I believe that I may have found an issue with the CombineVariants tool of GATK that manifests itself when there is a repeated ID in a given VCF. For us, the reason to have repeated IDs in a VCF file is to detect inconsistencies in our sample by calling variants on 2 different DNA samples and then checking the concordance. Our current process is:
1) Generate a VCF containing unique IDs (using GATK CallVariants)
2) Replace the VCF header with potentially non-unique IDs (using tabix -r)
3) Merge a single VCF to uniqify the IDs (using GATK CombineVariants)

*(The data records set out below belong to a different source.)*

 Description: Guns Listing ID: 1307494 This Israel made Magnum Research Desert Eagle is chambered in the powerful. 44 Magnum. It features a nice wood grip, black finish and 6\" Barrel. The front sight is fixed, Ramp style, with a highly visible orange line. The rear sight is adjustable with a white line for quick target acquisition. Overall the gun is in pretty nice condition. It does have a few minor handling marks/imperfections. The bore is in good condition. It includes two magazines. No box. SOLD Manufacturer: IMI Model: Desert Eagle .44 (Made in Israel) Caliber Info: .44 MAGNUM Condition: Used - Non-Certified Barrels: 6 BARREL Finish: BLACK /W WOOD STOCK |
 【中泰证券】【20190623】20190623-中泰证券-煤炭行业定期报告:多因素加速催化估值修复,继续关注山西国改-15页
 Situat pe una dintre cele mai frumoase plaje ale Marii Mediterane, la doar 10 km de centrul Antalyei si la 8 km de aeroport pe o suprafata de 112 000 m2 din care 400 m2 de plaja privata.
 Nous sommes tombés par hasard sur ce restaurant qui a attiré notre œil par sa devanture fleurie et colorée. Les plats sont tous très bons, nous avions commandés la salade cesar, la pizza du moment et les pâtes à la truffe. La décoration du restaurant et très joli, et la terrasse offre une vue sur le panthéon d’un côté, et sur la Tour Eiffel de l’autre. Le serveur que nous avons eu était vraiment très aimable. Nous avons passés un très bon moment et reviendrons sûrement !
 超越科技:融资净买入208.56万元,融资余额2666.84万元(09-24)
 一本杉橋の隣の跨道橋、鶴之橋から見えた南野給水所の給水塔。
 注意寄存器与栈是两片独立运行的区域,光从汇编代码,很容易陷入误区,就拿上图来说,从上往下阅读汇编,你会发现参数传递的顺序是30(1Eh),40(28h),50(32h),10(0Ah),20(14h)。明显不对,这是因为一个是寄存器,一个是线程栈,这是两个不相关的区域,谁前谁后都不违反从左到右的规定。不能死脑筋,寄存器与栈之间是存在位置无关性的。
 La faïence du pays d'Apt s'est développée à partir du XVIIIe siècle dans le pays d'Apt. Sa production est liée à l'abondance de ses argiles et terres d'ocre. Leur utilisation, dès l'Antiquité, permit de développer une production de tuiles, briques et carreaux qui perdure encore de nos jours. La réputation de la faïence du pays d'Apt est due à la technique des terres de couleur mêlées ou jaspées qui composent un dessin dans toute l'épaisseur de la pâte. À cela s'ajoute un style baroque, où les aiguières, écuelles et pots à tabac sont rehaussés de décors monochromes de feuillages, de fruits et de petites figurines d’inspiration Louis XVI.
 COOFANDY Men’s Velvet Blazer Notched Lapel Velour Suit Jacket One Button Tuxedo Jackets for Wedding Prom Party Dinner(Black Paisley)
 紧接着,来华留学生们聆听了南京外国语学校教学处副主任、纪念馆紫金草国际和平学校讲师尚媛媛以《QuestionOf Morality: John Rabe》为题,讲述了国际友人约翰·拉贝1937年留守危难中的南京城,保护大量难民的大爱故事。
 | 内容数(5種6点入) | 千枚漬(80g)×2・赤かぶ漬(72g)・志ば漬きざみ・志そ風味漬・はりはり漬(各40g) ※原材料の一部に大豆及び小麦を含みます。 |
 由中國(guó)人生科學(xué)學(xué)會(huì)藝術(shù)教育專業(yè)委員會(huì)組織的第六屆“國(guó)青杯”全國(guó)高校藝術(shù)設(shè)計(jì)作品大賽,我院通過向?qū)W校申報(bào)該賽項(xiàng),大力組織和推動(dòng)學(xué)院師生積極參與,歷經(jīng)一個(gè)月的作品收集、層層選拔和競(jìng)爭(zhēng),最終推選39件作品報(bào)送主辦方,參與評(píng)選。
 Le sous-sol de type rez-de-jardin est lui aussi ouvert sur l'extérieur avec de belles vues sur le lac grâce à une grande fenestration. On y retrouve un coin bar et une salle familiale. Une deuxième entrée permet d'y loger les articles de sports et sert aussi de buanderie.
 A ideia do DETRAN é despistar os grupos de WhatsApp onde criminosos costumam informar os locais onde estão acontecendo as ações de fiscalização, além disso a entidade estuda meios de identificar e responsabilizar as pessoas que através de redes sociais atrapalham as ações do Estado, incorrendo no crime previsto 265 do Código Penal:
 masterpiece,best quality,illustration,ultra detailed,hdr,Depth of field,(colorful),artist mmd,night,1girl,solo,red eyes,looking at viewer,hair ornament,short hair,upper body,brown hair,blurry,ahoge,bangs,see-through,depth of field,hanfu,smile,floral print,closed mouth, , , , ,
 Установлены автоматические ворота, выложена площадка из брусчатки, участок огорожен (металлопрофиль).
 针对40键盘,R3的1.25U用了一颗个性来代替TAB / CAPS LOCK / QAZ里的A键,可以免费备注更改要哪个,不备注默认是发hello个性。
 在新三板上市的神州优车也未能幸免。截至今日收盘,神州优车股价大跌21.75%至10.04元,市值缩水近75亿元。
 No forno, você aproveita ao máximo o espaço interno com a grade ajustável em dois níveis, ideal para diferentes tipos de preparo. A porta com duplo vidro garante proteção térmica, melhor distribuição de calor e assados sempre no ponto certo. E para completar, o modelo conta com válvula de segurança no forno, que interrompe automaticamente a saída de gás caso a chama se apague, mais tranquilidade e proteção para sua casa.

It seems that the genotypes in the merged VCF are off by one column. I've attached 3 files that demonstrate the issue: "combined" which is the result of step 1, "combined.renamed", which is the output of step 2, and "combined.renamed.merged", which is the output of step 3.
The relevant lines are as follows:
HG00421@123910725 HG00422 HG00422@123910706 HG00423@123910701 NA12801 NA12802 0/0:300 0/0:127 0/0:292 0/0:290 0/0:127 0/0:127 0/0:299 0/0:127 0/0:299 0/0:293 0/0:127 0/0:127
HG00421 HG00422 HG00422 HG00423 NA12801 NA12802 0/0:300 0/0:127 0/0:292 0/0:290 0/0:127 0/0:127 0/0:299 0/0:127 0/0:299 0/0:293 0/0:127 0/0:127
HG00421 HG00422 HG00423 NA12801 NA12802 0/0:300 0/0:127 0/0:292 0/0:290 0/0:127 0/0:299 0/0:127 0/0:299 0/0:293 0/0:127
Using the depth argument here, we can see that in the merged dataset, NA12801 has depths 290,293 whereas in the original and renamed datasets the depths were 127,127. The 290,293 depths correspond to HG00423, which is the column before.
I have confirmed this behavior in both GATK 2.7-4 and 2.8-1. If there's any more information that you need, please let me know, and I would be happy to provide it. Also, if you might know where this issue arises, I would be happy to try to provide a patch.